Masked Autoencoders Are Scalable Vision Learners (MAE)
Actually a very basic idea: in addition to your autoencoder architecture, you’re going to mask a large part of the image, and force the autoencoder to reconstruct the original image.

- In these results, you still see that it’s actually quite blurry, because it sort of learns the mean
Masked autoencoding idea did not come from this paper, it came from BERT in 2018.
How can masked autoencoding work so well without diffusion?
MAEs don’t need to generate an image pixel-by-pixel from pure noise (like diffusion).
They start with a partially observed image: a small set of visible patches already gives a huge amount of structure (object shapes, colors, layout).
The model’s job is to fill in the missing patches so the whole image is coherent — this is a much lower-entropy task than unconditional generation.
They show good scaling properties.
“we mask random patches of the input image and reconstruct the missing pixels”
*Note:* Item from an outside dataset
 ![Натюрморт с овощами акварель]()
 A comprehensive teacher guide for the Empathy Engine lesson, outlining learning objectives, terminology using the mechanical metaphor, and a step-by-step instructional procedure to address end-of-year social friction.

They found that MAEs encoder without mask tokens does better. Only the decoder will have access to mask tokens:
[!PDF|255, 208, 0] Masked Autoencoders Are Scalable Vision Learners, p.5
(c) Mask token. An encoder without mask to- kens is more accurate and faste
is there a single mask token or multiple mask token, one for each area that can be masked?
Each of those mask tokens is identical (same vector in parameters), but their positional embedding makes them unique.
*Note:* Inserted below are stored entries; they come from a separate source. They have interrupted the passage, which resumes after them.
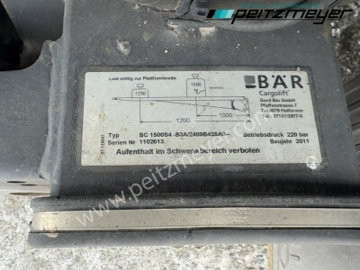 Aufbautyp: 3 Achs Kofferanhänger L x B x H 8.080 x 2.500 x 2.146 mm, Ladebordwand BÄR BC 1.500 S 4, Alublatt 1.600 mm, 3 reihen Zurrleisten rechts und links, 8 reihen Zurrleisten im Boden und Dach, Mercedes Benz Achsen luftgefedert mit heben und senken, ABS, Elektrik 24 V - 15 polig, Luftanschluß Duomatik, Zugdeichsel mit Öse 40 mm
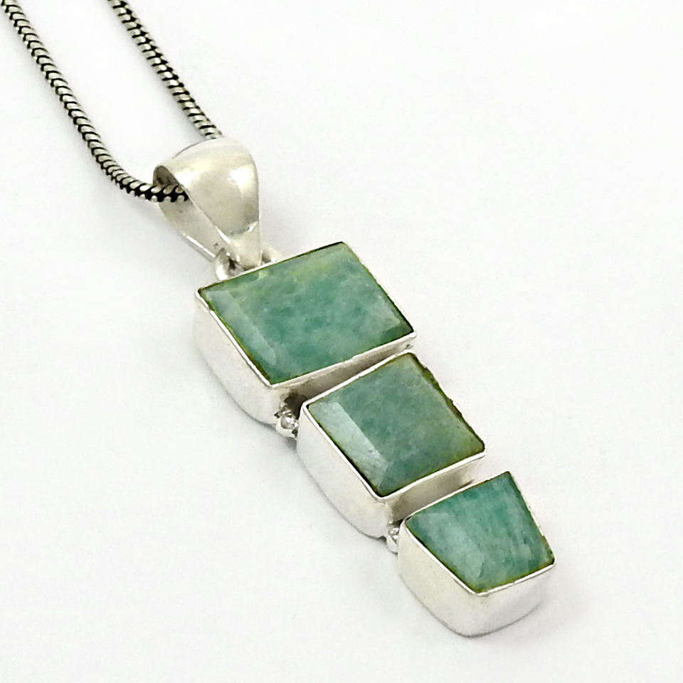 เครื่องประดับอัญมณีอมาโซไนต์ธรรมชาติทำด้วยมือเงินแท้925จี้เสน่ห์ของผู้หญิงผู้ชายเครื่องประดับโบฮีเมียนยูนิเซ็กซ์ OEM
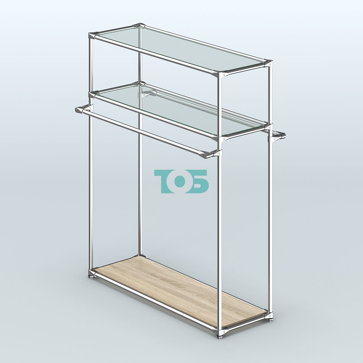 Одна стеклянная полка с возможностью регулирования по высоте: предоставляет дополнительные возможности для гибкой организации пространства и выкладки товаров на разных уровнях.
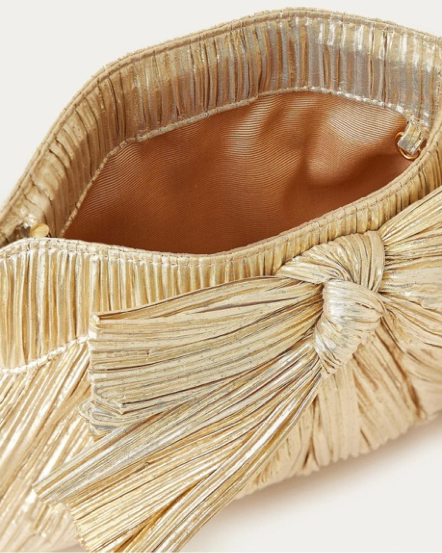 Pleated frame clutch with bow in gold pleated lamé. Fully lined with removable twisted gold metal chain strap.
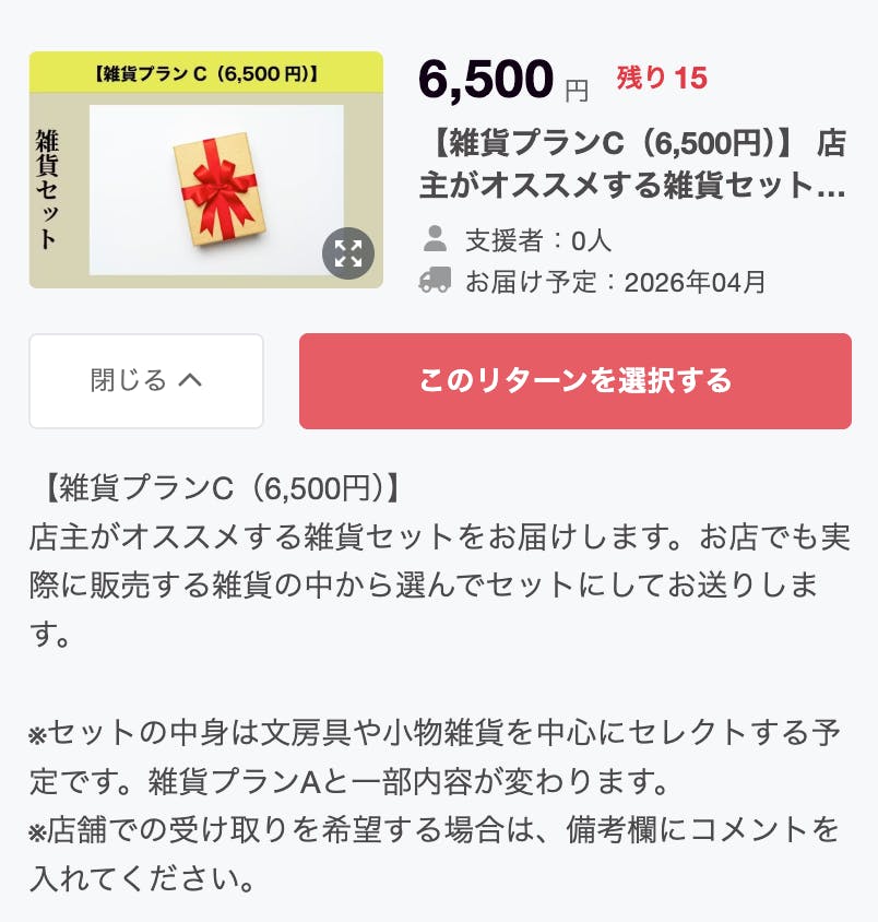 まずは、人気で売り切れとなった雑貨セットと少し内容を変えて追加した【雑貨プランC(6,500円)】。
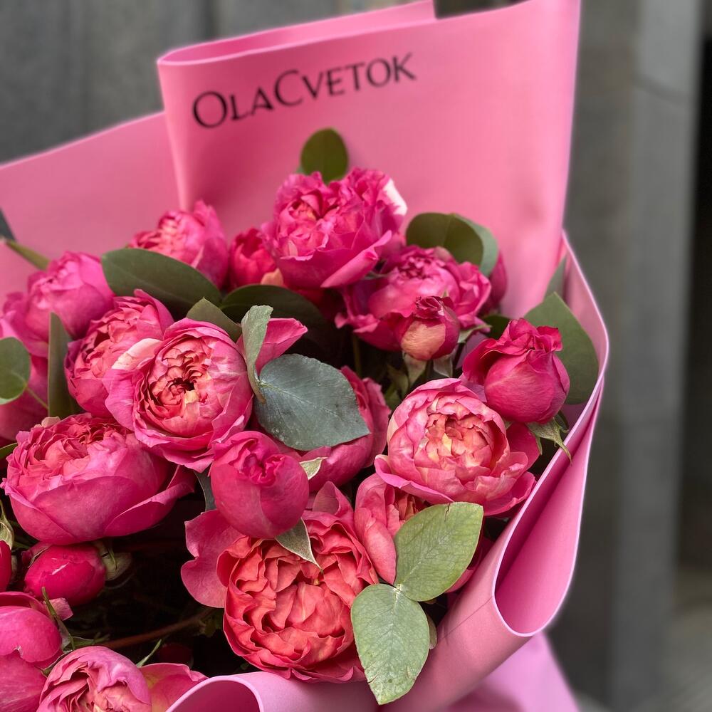Роза кустовая – 11 шт.Эвкалипт – 5 шт.Лента атласная – 2 шт.Фоамиран (упаковка) – 4 шт.Кризал (подкормка) – 1 шт.инструкция по уходу за цветами – 1 шт.

Walkthrough (CS231n 2025 Lec 12)
Architecture in one pass
- Patchify + mask. Split image into ViT patches (16×16 or 14×14). Randomly drop 75% — the kept 25% is a tiny fraction.
- Encoder on visible only. Feed the 25% kept patches into a ViT without any mask tokens. Encoder has no knowledge of which positions are missing. Runtime scales with kept-count, so 4× cheaper than encoding all patches.
- Decoder with mask tokens. Concatenate encoder output with a set of learnable mask tokens at the masked positions (plus positional embeddings). Lightweight ViT decoder reconstructs pixel values for all patches.
- Loss on masked patches only. MSE in pixel space, restricted to the 75% that were masked. Reconstructing the visible 25% is trivial (identity) and would leak.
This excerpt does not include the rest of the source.